Dr. Seven Kaptan’a “Normal” başlıklı 1. LGBTİ Ruh Sağlığı Sempozyumunun önemini sorduğumuzda Kaptan, “LGBTİ bireylerin “hasta” bireyler olmadığını gösterme yönüyle iyi bir fırsat. Katılımcı sayısının bu denli yoğun olması ve özellikle İstanbul dışından akademisyenlerin ve öğrencilerin de katılımı konunun ne kadar önem arz ettiğini gösterdi” şeklinde ifade etti.

Öte yandan iki günün sonunda Psikiyatri Uzmanı, Yard. Doç.  Dr.

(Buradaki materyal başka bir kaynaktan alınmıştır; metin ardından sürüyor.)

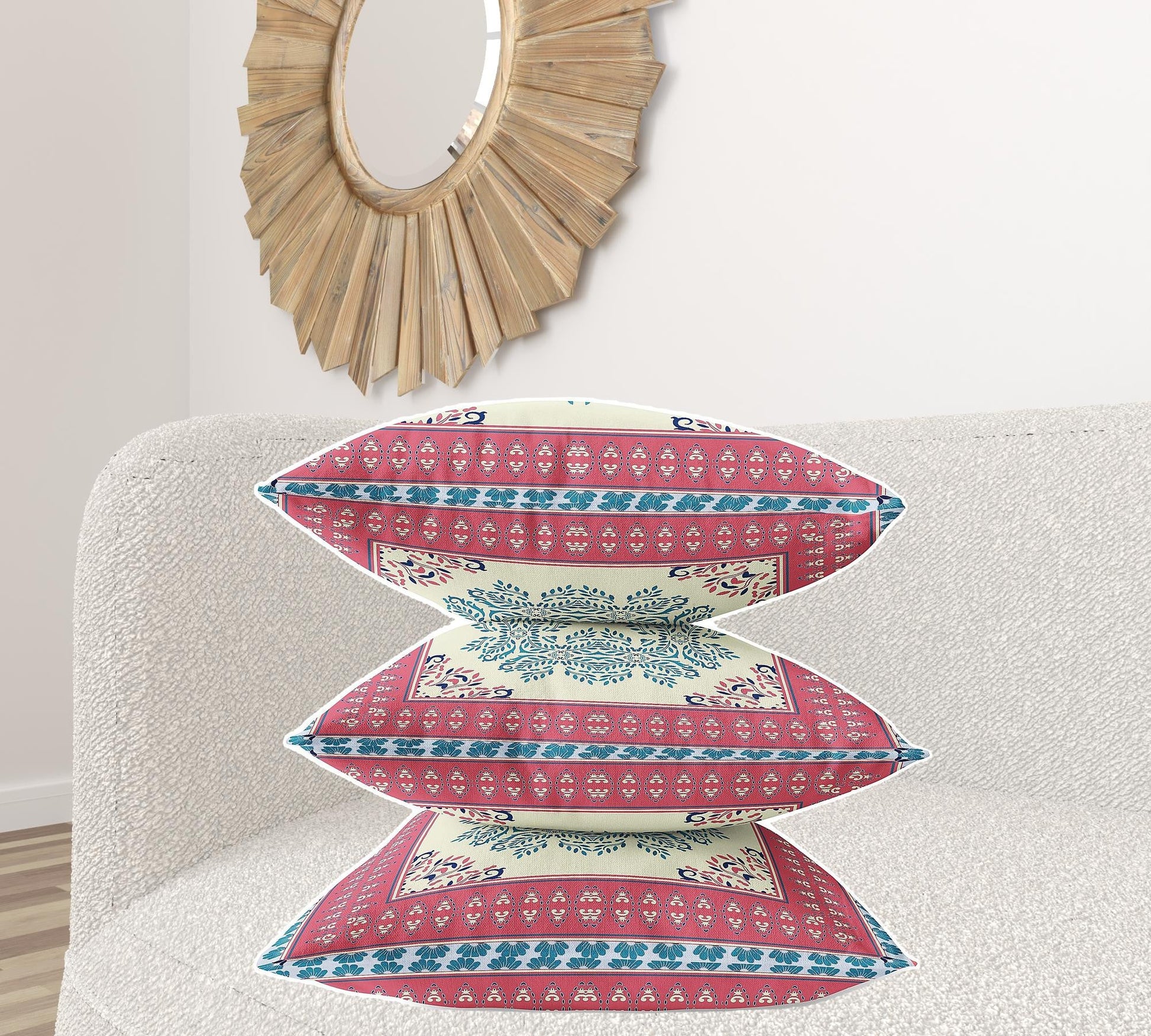 The 18" x 18" cream and blue blown seam damask indoor outdoor throw pillow is the perfect decorative accessory for your home. Durable cream and blue broadcloth has been used to give this pillow a beautiful look that will stand the test of time. Durable and easy to care for this pillow is designed to withstand the elements and still look great. Decorative pillows are a great way to change up the look and feel of your space easily and quickly. 5" H x 18" W x 18" D

Koray Başar’a sempozyumun belirlenen hedeflere ulaşıp ulaşmadığı hususunda hedeflenenin LGBTİ bağlamında normalin ve normalliğin tartışılması olduğunu söylerken sağlık çalışanlarını, araştırmacıları, akademisyenleri ve öğrencileri bir araya getirmeleri yönüyle büyük bir başarıya ulaştıklarını ifade etti.

İstanbul LGBTİ mensubu Kıvılcım Arat’a sempozyumun önemini sorduğumuzda “Bu sempozyum Trans bireylerin sağlık hakkına erişimi konusunda çok fazla önem ihtiva ediyor. Buraya gelen akademisyen, sağlıkçı(doktor, hemşire, psikolog, danışman) ve öğrenciler gerek kendi kariyerlerinde, gerekse de çevrelerinde muhakkak bir farkındalık yaratacaklardır” şeklinde bir açıklamada bulundu. Öte yandan Arat, 19 Aralık’ta İstanbul LGBTİ’nin İzmir’de düzenleyeceği Ayrımcılık Karşıtı Sertifika Programı’na da destek çağrısında bulundu.